Urs Fischer Untitled (Bear/Lamp), Seagram Plaza


The steel and bronze Seagram Building (1958) by architect Ludwig Mies van der Rohe (1886-1969) at the corner of E. 52nd and Park Ave, set back from Park Avenue behind sleek fountains, stands as a paradigm for the well-made modern glass office building. Sleek, soaring, and minimalist, clad in bronze and glass, the building recalls the type of structure that the architect envisioned for Berlin in the 1920s. Along with Philip Johnson, who was responsible for the interiors, the Seagram influenced many copy-cats, but few were as successful in sensitivity to site or design. The building introduced the modern plaza, a space still frequented by midtown workers during pleasant weather.

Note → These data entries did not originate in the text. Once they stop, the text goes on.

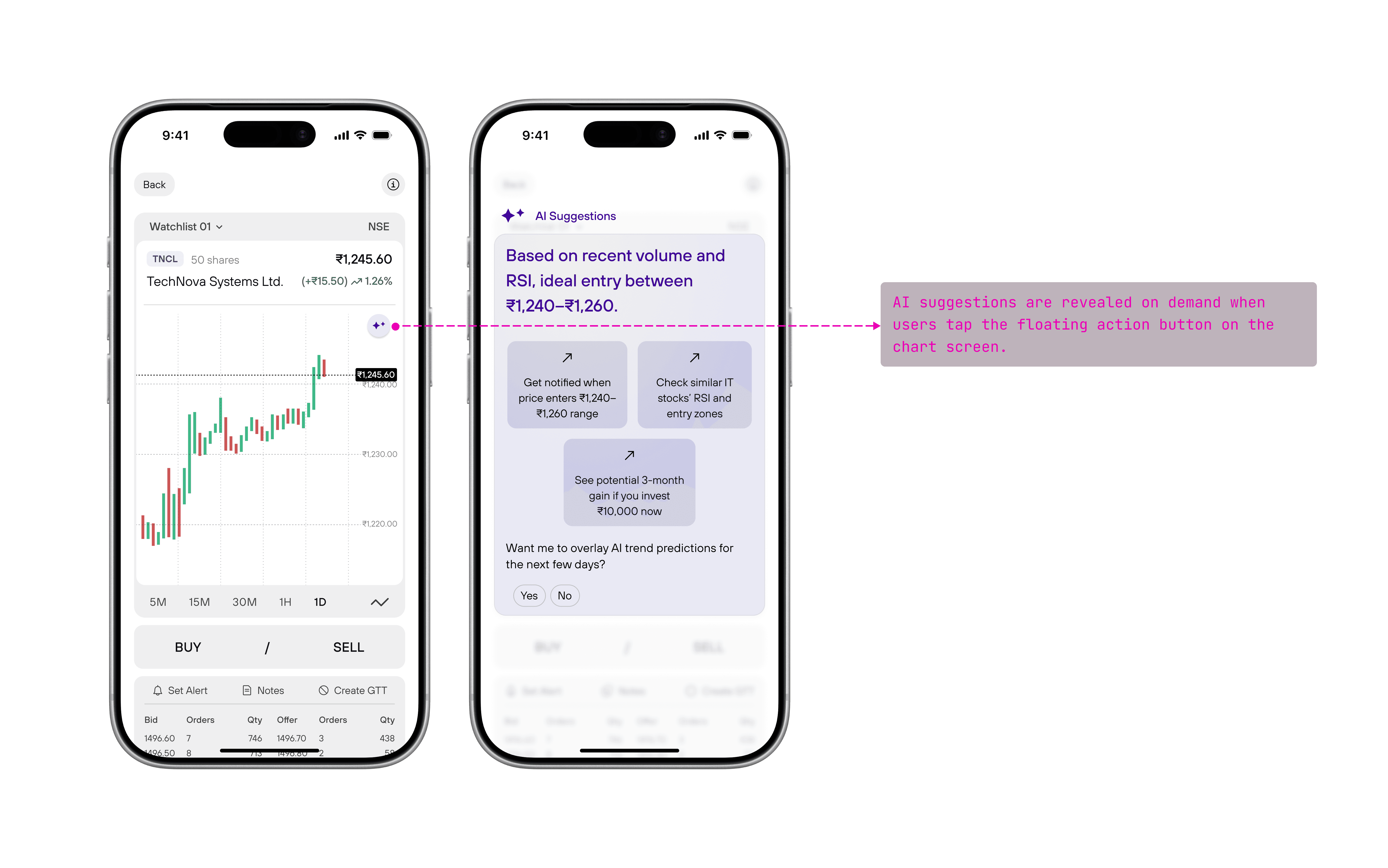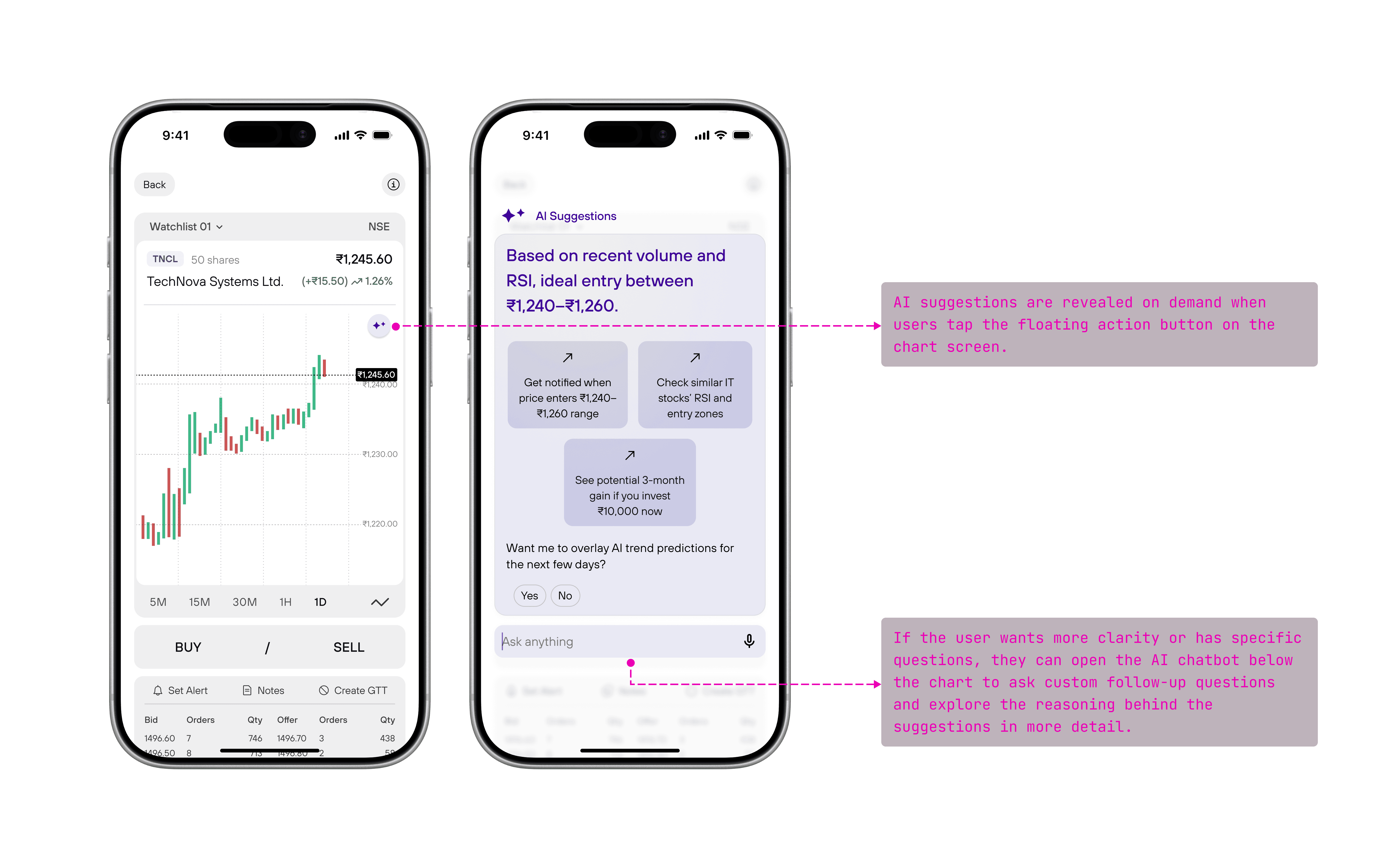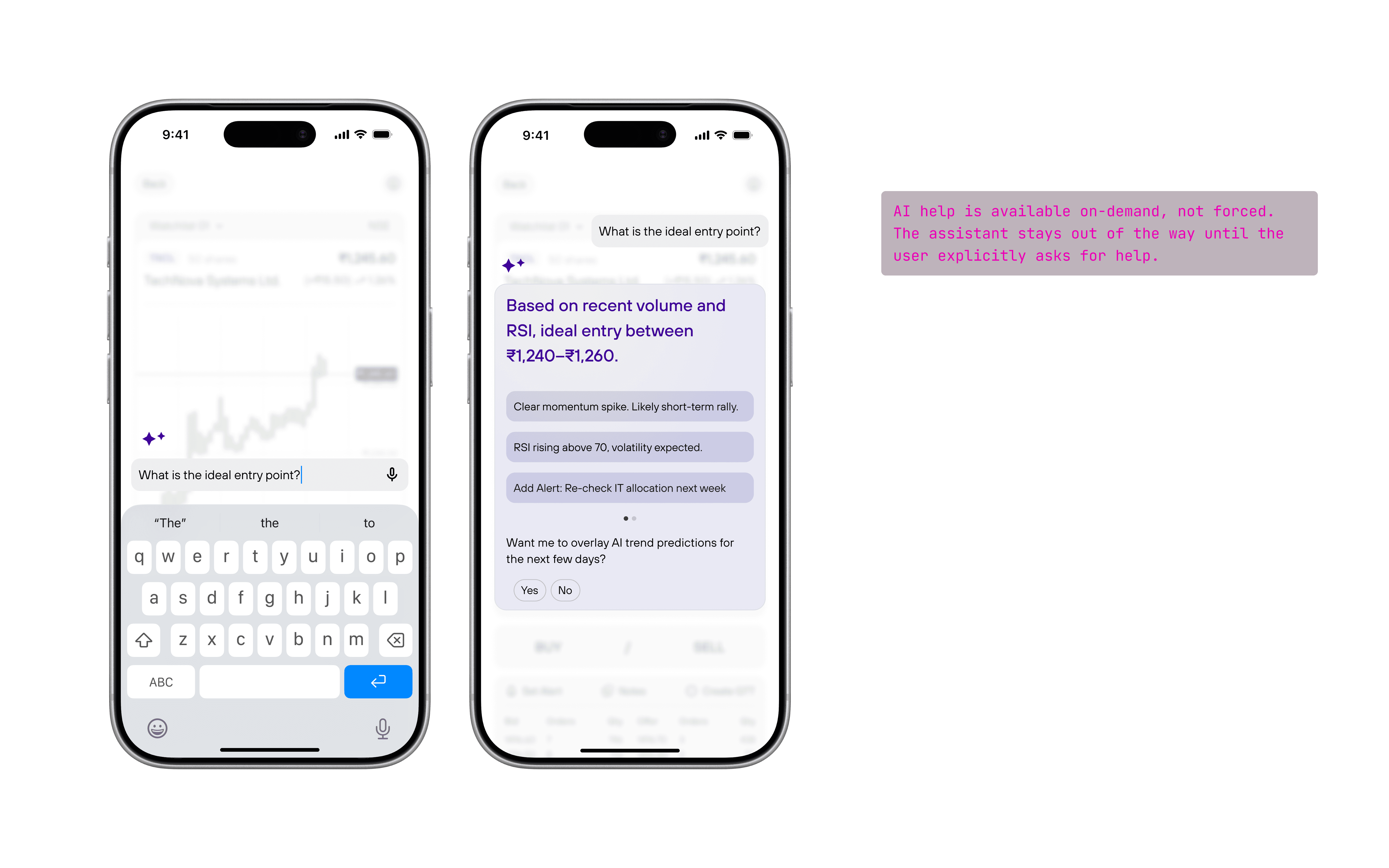 The chart stays clean while AI appears upon clicking the floating icon, where users can ask questions like “Is this a good price to buy?” or “Why did the stock drop here?” The AI responds in plain language, using the chart context to guide understanding.
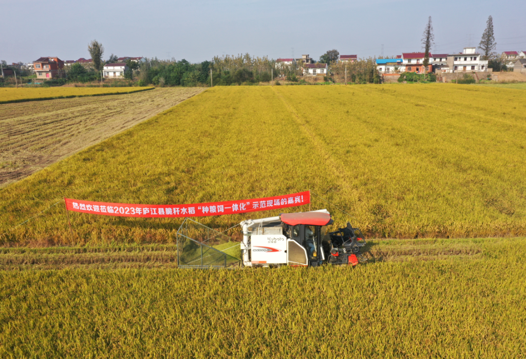 在合肥市廬江縣同大鎮連河村,千畝脆稈水稻示范田迎來(lái)豐收季。畝產(chǎn)650公斤稻谷加上畝產(chǎn)1.4噸的脆稈飼料,“一稻兩收、雙份收入”讓連河村的村民嘗到了科技豐產(chǎn)的甜頭。
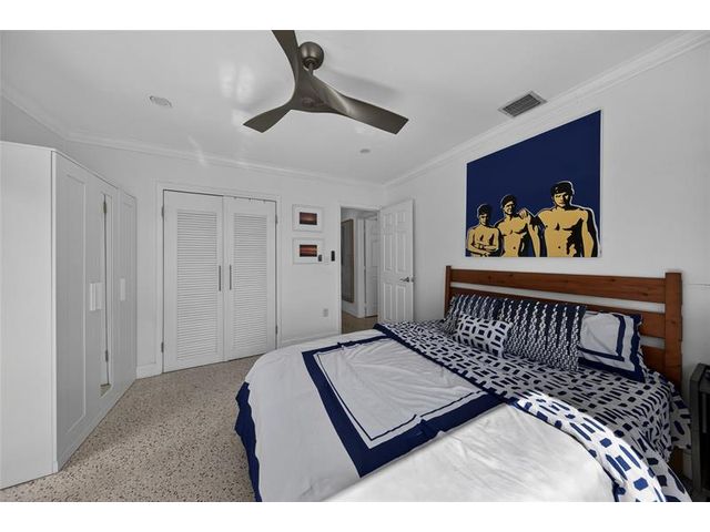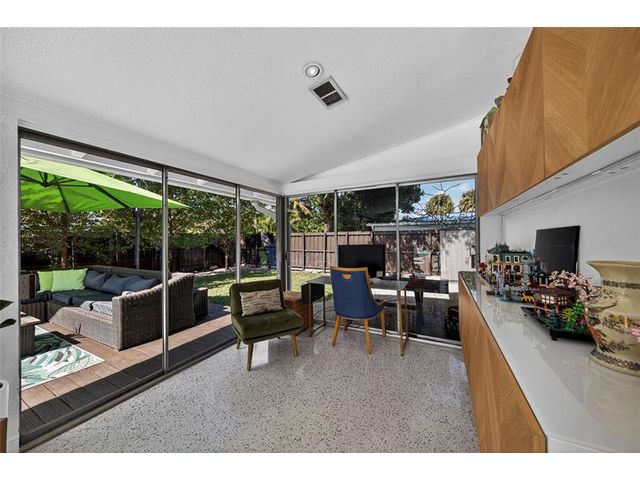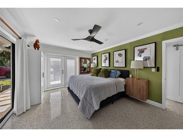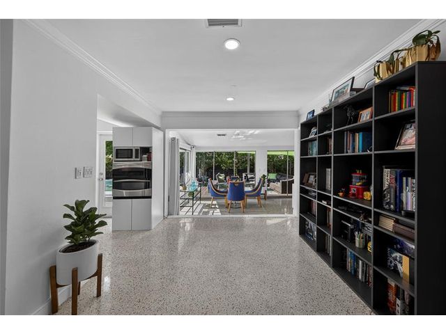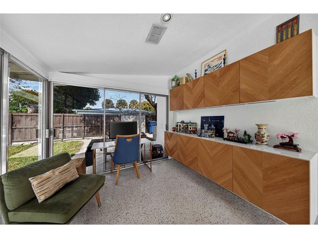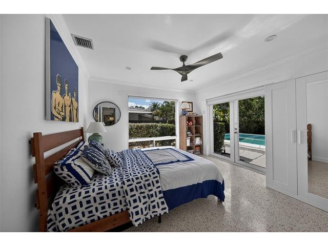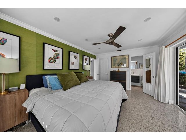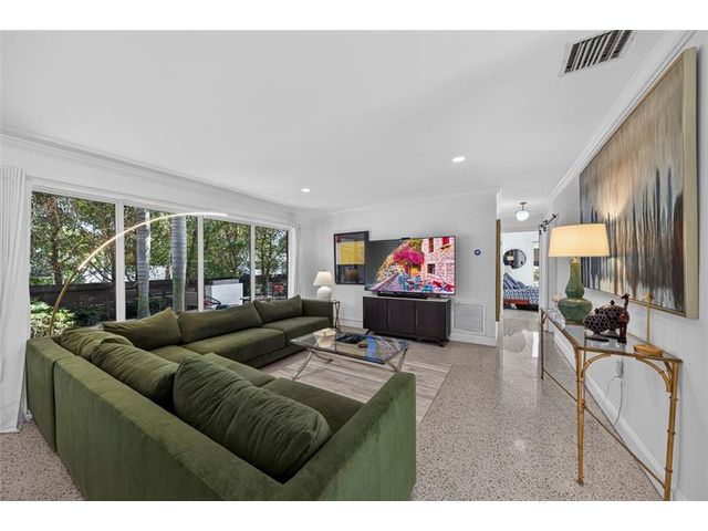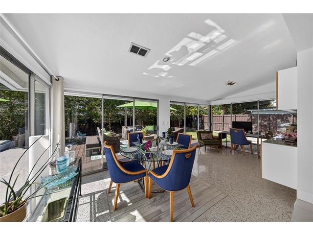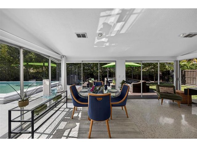 Warm, welcoming and inviting with striking exterior presence just steps from vibrant Wilton Drive! Tranquil, private courtyard adorned with magnificent landscaping, gardens, seating and gathering areas. Bright, open, and airy interior space beaming with natural light through endless walls of glass throughout! Generous primary living quarters with direct access to fenced backyard oasis complete with heated pool, BBQ area, relaxing, entertaining and sunning spaces. Terrazzo flooring, recessed lighting, crown moldings, updated baths, modern lighting and more. New roof (2024), newer a/c and h/w, interior laundry/storage, carport and PVP piping. Furnishings available.

Fischer Bear/Lamp, Seagram Plaza



Seagram Building, meet the bear. Starting officially today, Christie's is presenting the 23-foot tall Untitled (Lamp/Bear) (2005-2006) sculpture by Urs Fischer (b. 1973) to bring attention to its Post-War & Contemporary Evening Sale on May 11. The work is up for auction and expected to generate a lot of interest. The plan is for the work to remain in Seagram Plaza for five months, so let's get to know Urs and his bear. Urs, whose name means "bear" in Latin, drew upon his own teddy bear in creating the monumental work. It's a masterful work technically. A cast bronze exterior painted in yellow paint and lacquer covers a stainless steel interior support. The cuddly-looking bear defies its own materiality. Also, the bear leans against a table lamp, creating a charming informality. Importantly, the lamp actually functions, so the sculpture will take on a nice glow at night. The thing weighs 35,000 pounds, so Christie's partners at the Seagram Building had to shore up the plaza floor in order to support the big bear. This bear, like real bears, could crush and kill you.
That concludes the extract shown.